Budd-Falen served on the NFLC’s advisory committee during the 1990s. She wrote articles for the group’s newsletter and was referenced often in its publications. The NFLC held seminars and workshops throughout the West touting Catron-like ordinances, and Budd-Falen was often a featured speaker. At one seminar, she promised to tell audiences how “to control decisions by the federal government.” At another, she softened her rhetoric, admitting counties didn’t have “veto power” over the federal government but claiming they did have “coordinating authority.” Budd-Falen remained connected to the organization in recent years and was a listed speaker at the NFLC in 2017. When it comes to invoking the latter, MHRN’s legal memo noted the word “coordination,” and variations of it do appear in federal statutes and regulations. However, there isn’t an option that gives counties the ability to overrule federal policies.

NFLC brings antigovernment ideas to land fights

The NFLC frequently promoted other antigovernment ideas.
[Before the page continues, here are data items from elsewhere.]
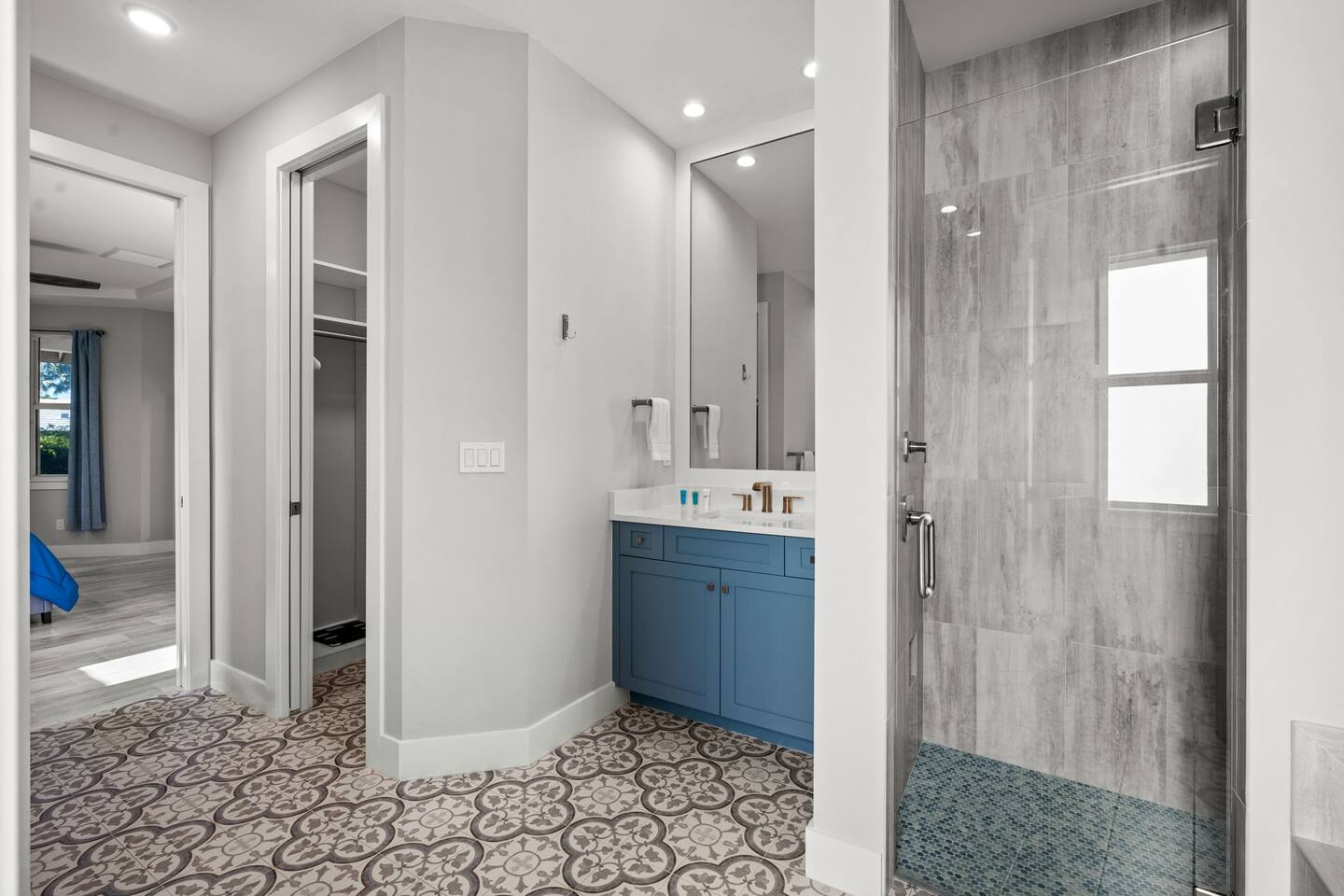- Bedroom 2 – Bunk bed (twin over full) + access to hallway bathroom with walk-in shower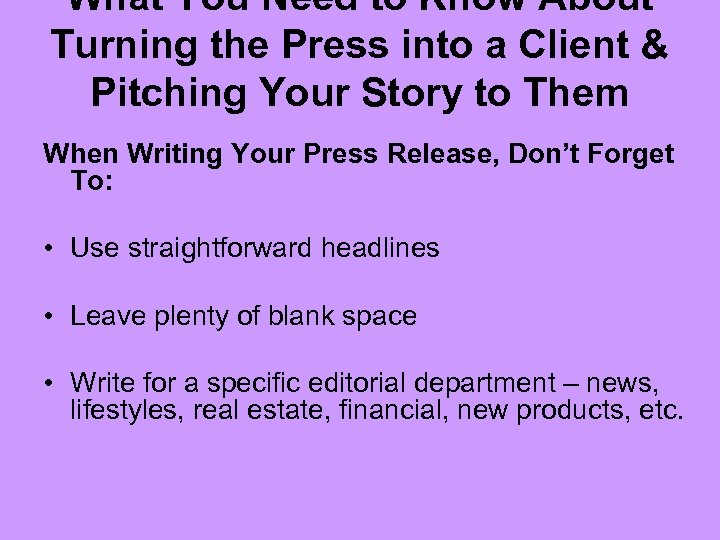 What You Need to Know About Turning the Press into a Client & Pitching Your Story to Them When Writing Your Press Release, Don’t Forget To: • Use straightforward headlines • Leave plenty of blank space • Write for a specific editorial department – news, lifestyles, real estate, financial, new products, etc.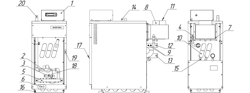 12. Место отбора проб уходящих газов 13. Патрубки отопления (подача) 14. Патрубки отопления (обратка) 15. Транспортировочные проушины 16. Сливная пробка 17. Дверка 18. Глазок для контроля пламени 19. Предохранительный клапан 20. Штуцер для замера давления газа 21. Регулятор давления газа . |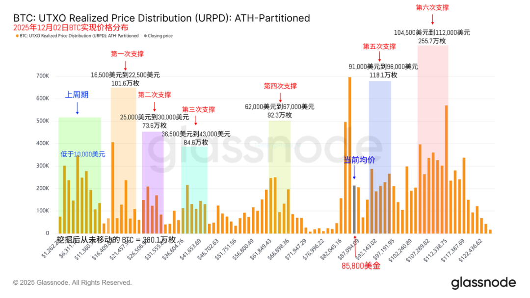 不过从筹码结构来看,还算是稳定,并没有出现大量亏损投资者换手的迹象,尤其是持仓成本在 10万 美元以上的投资者,现在仍然是近期持仓最多的区间,并没有因为价格的下跌而出现崩溃,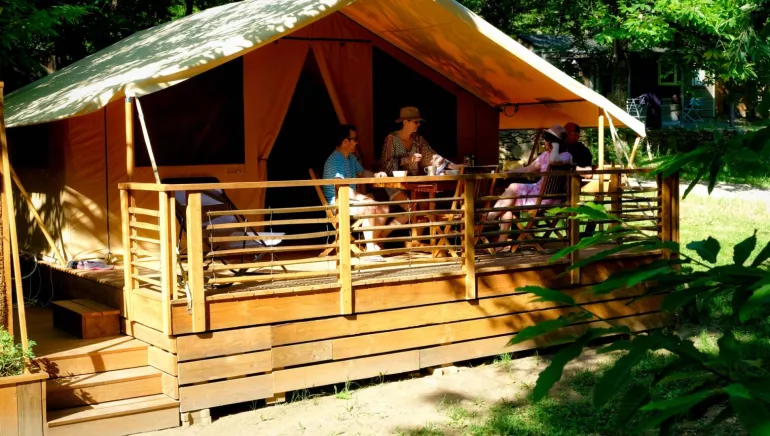 With eco-responsible values, marked Value Regional Natural Park of the Monts d'Ardèche, our campsite with 42 pitches welcomes you in the heart of a chestnut grove, 300m from the Chassezac river and its many swimming spots.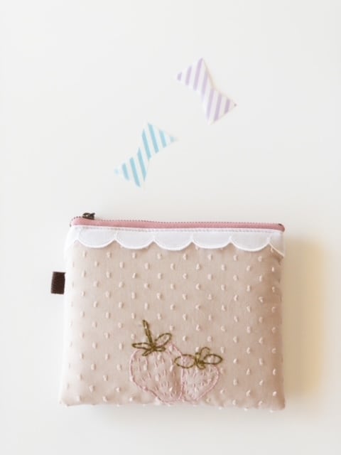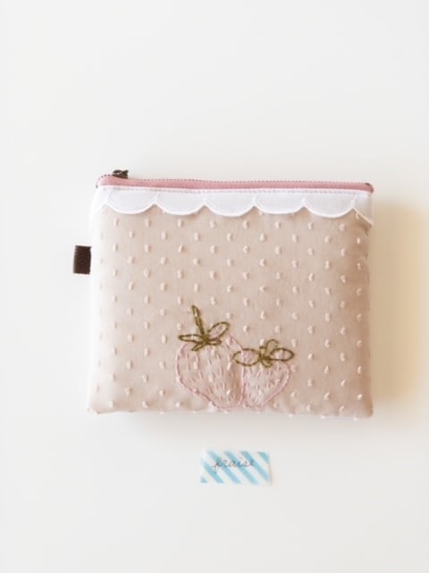 表面にいちごの刺繍をしていて、スカラップレースを上に付けています。

The group dedicated the lead article of a 1994 newsletter to the necessity of militias. The article discussed how militias could be used against public officials and government agencies. “We cannot trust the federal government to look out for our individual freedoms,” the article read. Using a frequent antigovernment talking point, the NFLC said militias would be “the main defense against tyranny.” It warned the federal government that it should “let us alone or face the consequences.” The article included a section on how to form a militia, and the author thanked the Militia of Montana and included its contact information.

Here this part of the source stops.